Name Clause – Must include “Limited” (LTD) (Section 26).
Company-Type Clause – States it is a private company limited by shares.
Liability Clause – Members’ liability is limited.
Capital Clause – States share capital (if included).
Association Clause – Confirms the company formation agreement.
Where must the Constitution be filed?
With the Companies Registration Office (CRO).
What document proves a company’s legal existence?
The Certificate of Incorporation (Section 25 CA 2014).
What are the effects of registration?
The company becomes a separate legal entity.
It has perpetual succession.
It can enter contracts, own property, sue & be sued.
What is required under Section 43 CA 2014?
Every company must have a common seal.
How does a DAC differ from an LTD?
DACs must have a Memorandum & Articles of Association.

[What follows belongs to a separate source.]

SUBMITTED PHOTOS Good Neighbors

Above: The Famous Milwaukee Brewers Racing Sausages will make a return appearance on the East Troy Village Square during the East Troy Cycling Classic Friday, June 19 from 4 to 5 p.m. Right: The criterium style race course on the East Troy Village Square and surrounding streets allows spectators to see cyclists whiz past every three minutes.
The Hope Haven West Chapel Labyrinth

DACs must have at least 2 directors.
DACs have an Objects Clause, restricting their activities.
What must a DAC’s name include?
“Designated Activity Company” (DAC) or “d.a.c.” (Section 969 CA 2014).

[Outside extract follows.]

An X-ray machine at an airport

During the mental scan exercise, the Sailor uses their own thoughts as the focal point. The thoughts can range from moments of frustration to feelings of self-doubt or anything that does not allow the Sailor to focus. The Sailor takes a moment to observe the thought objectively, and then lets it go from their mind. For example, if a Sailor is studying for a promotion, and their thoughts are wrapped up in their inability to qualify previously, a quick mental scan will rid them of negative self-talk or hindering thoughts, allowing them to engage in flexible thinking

What are the key clauses in a DAC’s Memorandum?
Name Clause – Must state the company’s name.
Objects Clause – Defines permitted business activities (Section 967).
Liability Clause – Limits members’ liability.
Share Capital Clause – States share capital details.
Association Clause – Confirms members’ agreement to form the company.
What happens if a DAC acts beyond its Objects Clause?
The act is ultra vires but not void (Section 973 CA 2014).
What do the Articles of Association regulate?
Internal governance (e.g., voting rights, director duties).
Rules on meetings, dividends, share transfers, etc.
What happens if the Articles conflict with the Memorandum?
The Memorandum prevails (Roper v Ward [1981]).
How can a DAC alter its Memorandum?
By special resolution (75% approval) (Section 974 CA 2014).
How can shareholders challenge an alteration?
If they hold at least 15% of shares, they can apply to court within 21 days.
What are the limitations on altering the Articles?
Changes must be legal (cannot contradict CA 2014).
Changes must be bona fide and in the company’s best interest (Allen v Gold Reefs Ltd [1900]).
Who is bound by the company’s Constitution?
The company is bound to members.
Members are bound to the company.
Members are bound to each other.
Can the Constitution be enforced by non-members?
No – outsiders cannot rely on it (Eley v Positive Government Co [1876]).
Do LTDs have an Objects Clause?
No – they have full capacity to act like a natural person (Section 38 CA 2014).
Can a DAC act beyond its Objects Clause?
No, but the act is not void (Section 973 CA 2014).
What was decided in Ashbury Railway Co v Riche (1875)?
A company’s ultra vires acts were unenforceable.
What rights can members enforce under Section 31?
Members can enforce personal rights under the Constitution.
They can sue the company if their rights are breached.